Records contained in a dataset:
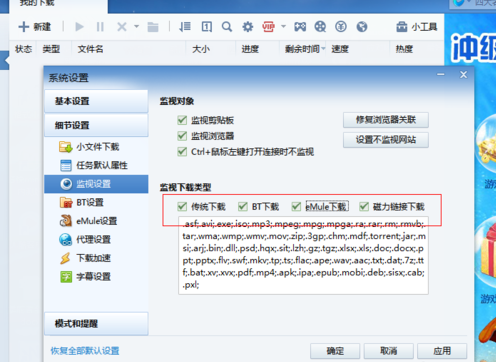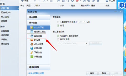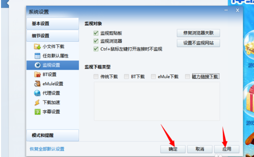 2、打开细节设置页面,进步一锁定监视设置,没错自动下载都是这里惹的祸,监视设置选项里有四个选项,分别是传统下载,BT下载,eMule下载,磁力链接下载,将前面的勾统统去掉。至于四个选项的意思自己百度长知识。
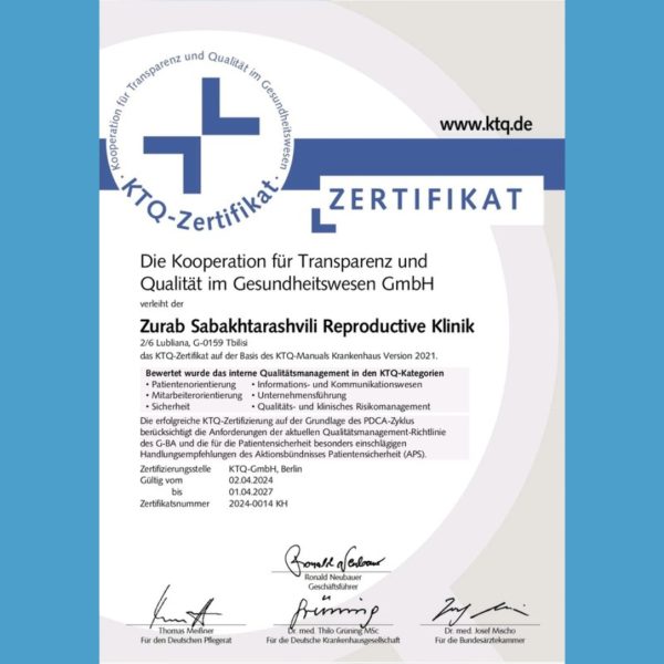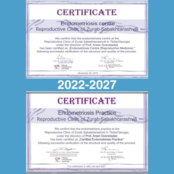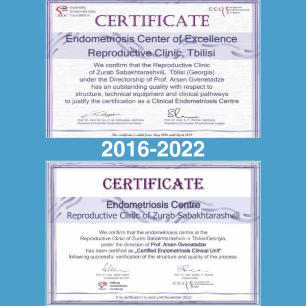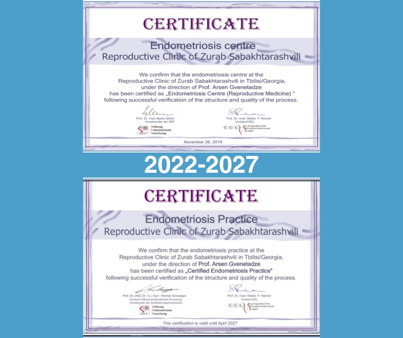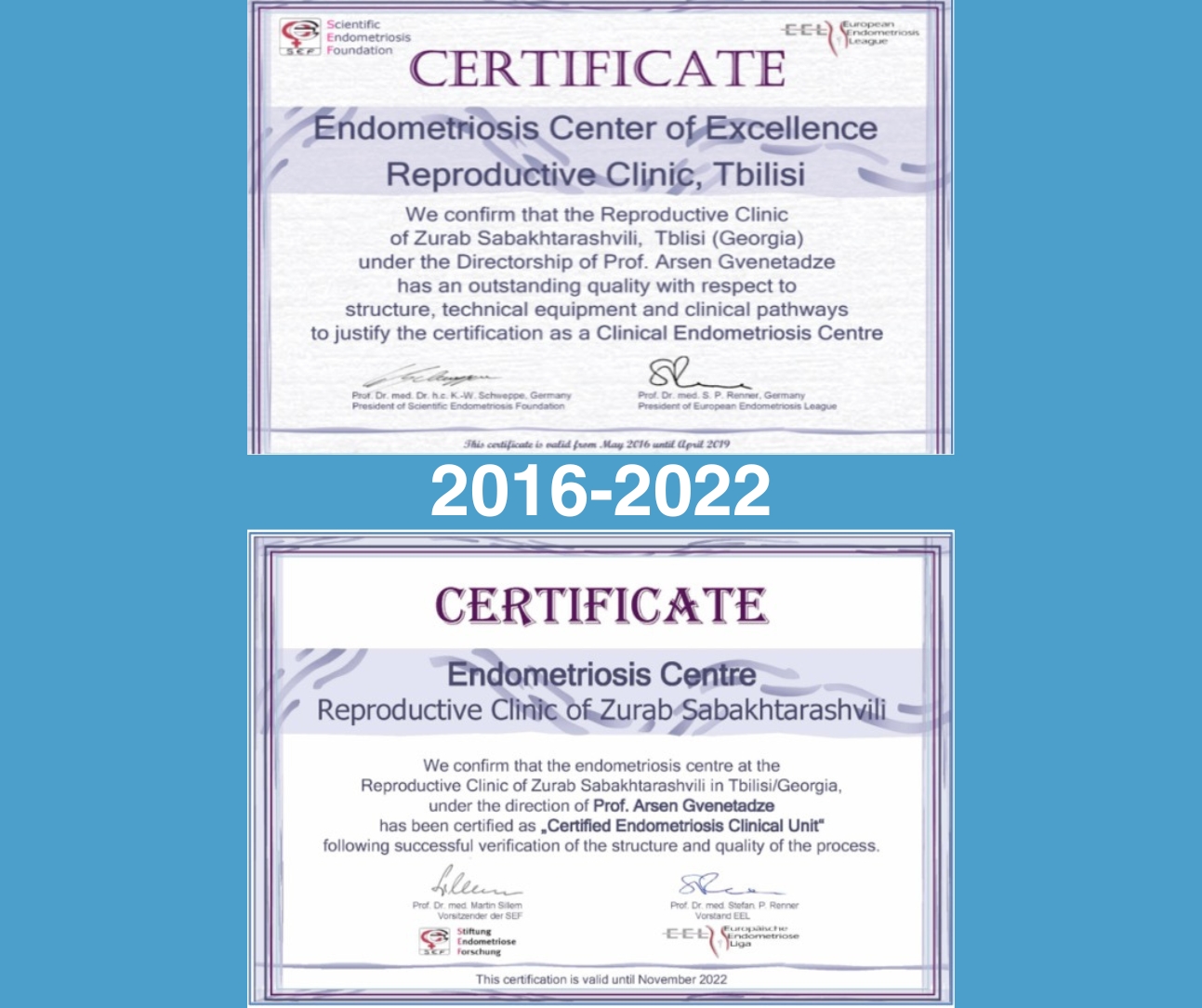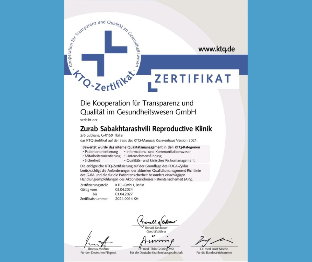 ზურაბ საბახტარაშვილის რეპროდუქციული კლინიკა აღიარებულია უწყვეტი სერტიფიცირებით 2016 წლიდან ევროპული სტანდარტების დაცვით. ამ პერიოდის განმავლობაში კლინიკამ მოიპოვა 5 სხვადასხვა სერტიფიკატი რაც მიუთითებს სტანდარტების განუხრელ დაცვაზე.
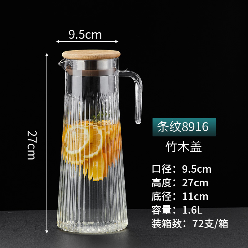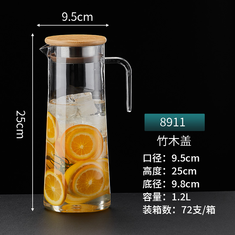 PC Cold Water Pitcher Fruit Tea Juice Filter Pitcher with Lid Wood Lid Steel Lid High Temperature Resistant Water Bottle for Logo Printing, Factory Wholesale
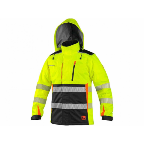 Víz és szélálló, téli bélelt láthatósági télikabát. Modern és divatos megjelenésének köszönhetően kitűnik a többi kabát közül. Szegmentált fényvisszaverő csíkjai még nagyobb kényelmet és tartósságot biztosítanak viselője számára.Strapabíró és meleg kabát.
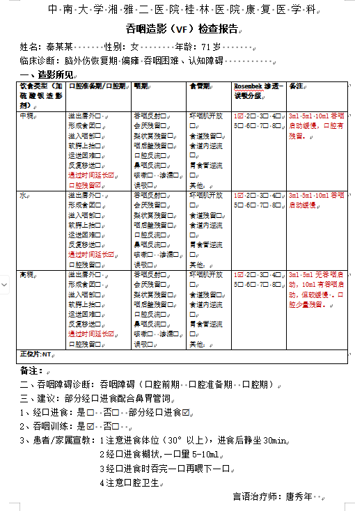 为了明确患者安全拔除胃管及恢复经口进食的可行性,从湘雅二医院康复医学科进修归来的言语吞咽治疗师唐秀年与主管医护团队进行了深入的沟通。经过综合评估,团队决定为患者进行吞咽造影检查,以确保能够准确评估其吞咽功能,为后续治疗提供科学依据。
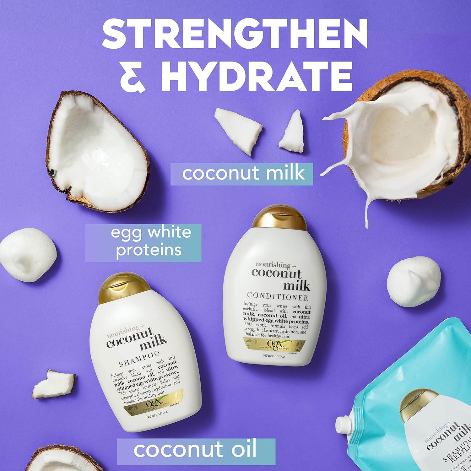Discover your silkiest hair ever with OGX Nourishing + Coconut Milk Shampoo Refill Pouch
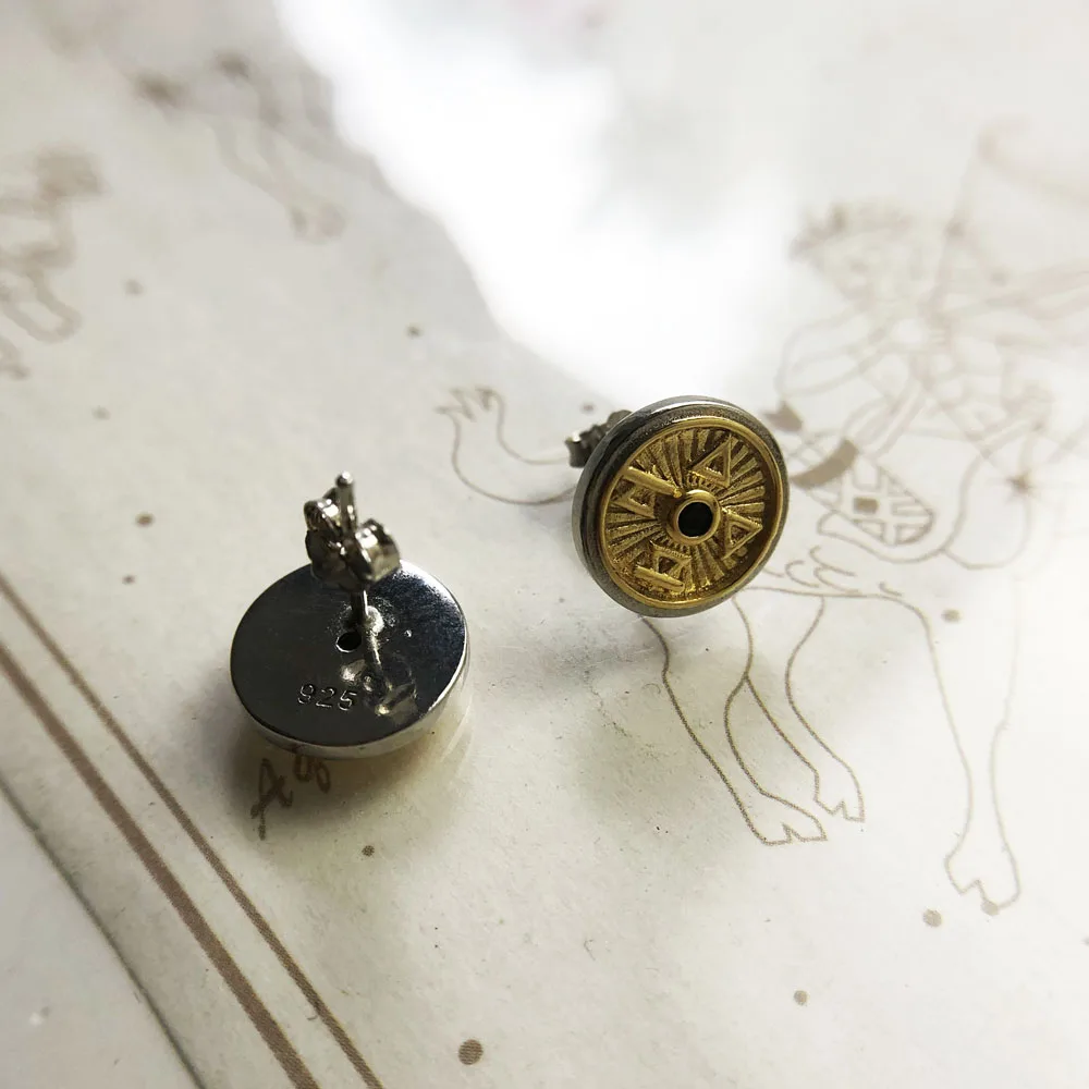 Stud,Earrings,Gold,Elements,Fire, Water, Air,Earth,Europe,Fine,Jewerly,Women,Men,Lucky,Charms,Gift,925,Sterling,Silver
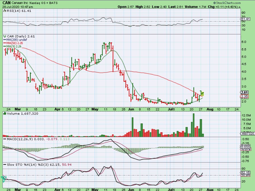 CAN  – This was mentioned in our live area as a blockchain possibility, and I like the volume around these lows as it tries to push higher.  It looks to be forming a round bottom base.
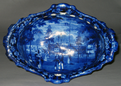 This is an oval ceramic dish with an everted rim that rises and falls gently, a rounded body, and a slightly contracted base. The rim forms soft waves, beneath which runs a row of evenly spaced circular perforations. Using the transfer-printing technique, blue designs depict a harbor scene of Castle Garden at the center, flanked by neoclassical buildings on both sides. The surface feels smooth and cool to the touch, the side walls are firm and thick, and several tiny glaze pops on the base feel like coarse grains of salt. When lightly tapped, the dish emits a short, muted tone.

_TASK DIRECTIONS:_ Could you please repeat the entries above exactly, with every picture left out?

_ANSWER:_
 2、打开细节设置页面,进步一锁定监视设置,没错自动下载都是这里惹的祸,监视设置选项里有四个选项,分别是传统下载,BT下载,eMule下载,磁力链接下载,将前面的勾统统去掉。至于四个选项的意思自己百度长知识。
 ზურაბ საბახტარაშვილის რეპროდუქციული კლინიკა აღიარებულია უწყვეტი სერტიფიცირებით 2016 წლიდან ევროპული სტანდარტების დაცვით. ამ პერიოდის განმავლობაში კლინიკამ მოიპოვა 5 სხვადასხვა სერტიფიკატი რაც მიუთითებს სტანდარტების განუხრელ დაცვაზე.
 PC Cold Water Pitcher Fruit Tea Juice Filter Pitcher with Lid Wood Lid Steel Lid High Temperature Resistant Water Bottle for Logo Printing, Factory Wholesale
 Víz és szélálló, téli bélelt láthatósági télikabát. Modern és divatos megjelenésének köszönhetően kitűnik a többi kabát közül. Szegmentált fényvisszaverő csíkjai még nagyobb kényelmet és tartósságot biztosítanak viselője számára.Strapabíró és meleg kabát.
 为了明确患者安全拔除胃管及恢复经口进食的可行性,从湘雅二医院康复医学科进修归来的言语吞咽治疗师唐秀年与主管医护团队进行了深入的沟通。经过综合评估,团队决定为患者进行吞咽造影检查,以确保能够准确评估其吞咽功能,为后续治疗提供科学依据。
Discover your silkiest hair ever with OGX Nourishing + Coconut Milk Shampoo Refill Pouch
 Stud,Earrings,Gold,Elements,Fire, Water, Air,Earth,Europe,Fine,Jewerly,Women,Men,Lucky,Charms,Gift,925,Sterling,Silver
 CAN  – This was mentioned in our live area as a blockchain possibility, and I like the volume around these lows as it tries to push higher.  It looks to be forming a round bottom base.
 This is an oval ceramic dish with an everted rim that rises and falls gently, a rounded body, and a slightly contracted base. The rim forms soft waves, beneath which runs a row of evenly spaced circular perforations. Using the transfer-printing technique, blue designs depict a harbor scene of Castle Garden at the center, flanked by neoclassical buildings on both sides. The surface feels smooth and cool to the touch, the side walls are firm and thick, and several tiny glaze pops on the base feel like coarse grains of salt. When lightly tapped, the dish emits a short, muted tone.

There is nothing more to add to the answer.